• [About this task] Of all the lines below, return only those starting with the line holding "Pokud ukládáte částečně" and going on through the line holding "校园网上购物商城是中需要存储", exactly as written.

• [Data extract]
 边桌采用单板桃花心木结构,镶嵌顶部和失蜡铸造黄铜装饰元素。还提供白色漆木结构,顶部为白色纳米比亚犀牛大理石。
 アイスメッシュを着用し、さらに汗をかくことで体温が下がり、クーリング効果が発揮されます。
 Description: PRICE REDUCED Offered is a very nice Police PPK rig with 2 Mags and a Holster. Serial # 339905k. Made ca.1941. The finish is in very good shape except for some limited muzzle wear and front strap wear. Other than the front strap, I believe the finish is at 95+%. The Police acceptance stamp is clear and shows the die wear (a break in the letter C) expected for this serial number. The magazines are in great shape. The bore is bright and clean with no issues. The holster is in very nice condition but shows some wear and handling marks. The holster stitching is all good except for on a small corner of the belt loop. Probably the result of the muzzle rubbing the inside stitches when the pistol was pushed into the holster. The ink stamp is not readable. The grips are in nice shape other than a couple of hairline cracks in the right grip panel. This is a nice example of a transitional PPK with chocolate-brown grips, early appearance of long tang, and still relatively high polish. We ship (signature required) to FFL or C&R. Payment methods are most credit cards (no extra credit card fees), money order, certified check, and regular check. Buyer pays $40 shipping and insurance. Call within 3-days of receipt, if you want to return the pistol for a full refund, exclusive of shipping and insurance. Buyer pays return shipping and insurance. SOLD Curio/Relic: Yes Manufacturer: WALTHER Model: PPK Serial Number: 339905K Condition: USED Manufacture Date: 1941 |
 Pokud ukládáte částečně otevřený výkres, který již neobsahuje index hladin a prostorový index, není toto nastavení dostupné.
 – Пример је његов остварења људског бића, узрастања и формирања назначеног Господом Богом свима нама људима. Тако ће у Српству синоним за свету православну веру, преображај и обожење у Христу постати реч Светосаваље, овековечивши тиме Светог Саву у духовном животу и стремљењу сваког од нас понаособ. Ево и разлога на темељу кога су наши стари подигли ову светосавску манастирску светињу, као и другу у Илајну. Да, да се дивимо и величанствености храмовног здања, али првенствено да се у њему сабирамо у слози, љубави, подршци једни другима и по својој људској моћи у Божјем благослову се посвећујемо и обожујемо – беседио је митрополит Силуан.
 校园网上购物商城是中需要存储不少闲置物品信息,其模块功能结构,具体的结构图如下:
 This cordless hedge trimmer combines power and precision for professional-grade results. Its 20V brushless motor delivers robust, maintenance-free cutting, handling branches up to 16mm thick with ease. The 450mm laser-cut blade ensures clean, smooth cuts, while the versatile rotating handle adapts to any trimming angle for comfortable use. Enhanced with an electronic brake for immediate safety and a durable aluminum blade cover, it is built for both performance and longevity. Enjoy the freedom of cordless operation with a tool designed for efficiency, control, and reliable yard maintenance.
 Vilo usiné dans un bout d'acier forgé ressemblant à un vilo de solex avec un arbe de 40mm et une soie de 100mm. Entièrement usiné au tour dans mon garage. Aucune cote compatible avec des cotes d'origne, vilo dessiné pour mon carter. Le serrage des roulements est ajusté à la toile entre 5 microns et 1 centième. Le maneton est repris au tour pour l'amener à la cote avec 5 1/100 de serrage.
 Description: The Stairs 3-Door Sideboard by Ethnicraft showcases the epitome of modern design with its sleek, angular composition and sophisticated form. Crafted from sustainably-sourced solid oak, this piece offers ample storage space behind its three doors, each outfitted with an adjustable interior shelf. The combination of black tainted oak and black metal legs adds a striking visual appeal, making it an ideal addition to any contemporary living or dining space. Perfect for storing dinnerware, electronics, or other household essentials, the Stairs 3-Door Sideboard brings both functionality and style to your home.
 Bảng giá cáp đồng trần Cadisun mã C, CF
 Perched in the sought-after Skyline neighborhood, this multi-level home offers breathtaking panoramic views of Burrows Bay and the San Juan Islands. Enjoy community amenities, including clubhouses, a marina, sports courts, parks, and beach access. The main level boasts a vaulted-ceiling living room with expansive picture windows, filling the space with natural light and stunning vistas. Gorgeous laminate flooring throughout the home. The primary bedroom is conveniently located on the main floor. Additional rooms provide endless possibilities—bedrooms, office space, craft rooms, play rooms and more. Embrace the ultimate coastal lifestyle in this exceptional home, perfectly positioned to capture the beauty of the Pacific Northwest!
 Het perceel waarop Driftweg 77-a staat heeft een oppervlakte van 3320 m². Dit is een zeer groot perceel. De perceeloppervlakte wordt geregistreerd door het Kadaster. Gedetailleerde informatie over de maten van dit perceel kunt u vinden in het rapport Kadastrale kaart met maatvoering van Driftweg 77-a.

• [Result of the task]
 Pokud ukládáte částečně otevřený výkres, který již neobsahuje index hladin a prostorový index, není toto nastavení dostupné.
 – Пример је његов остварења људског бића, узрастања и формирања назначеног Господом Богом свима нама људима. Тако ће у Српству синоним за свету православну веру, преображај и обожење у Христу постати реч Светосаваље, овековечивши тиме Светог Саву у духовном животу и стремљењу сваког од нас понаособ. Ево и разлога на темељу кога су наши стари подигли ову светосавску манастирску светињу, као и другу у Илајну. Да, да се дивимо и величанствености храмовног здања, али првенствено да се у њему сабирамо у слози, љубави, подршци једни другима и по својој људској моћи у Божјем благослову се посвећујемо и обожујемо – беседио је митрополит Силуан.
 校园网上购物商城是中需要存储不少闲置物品信息,其模块功能结构,具体的结构图如下:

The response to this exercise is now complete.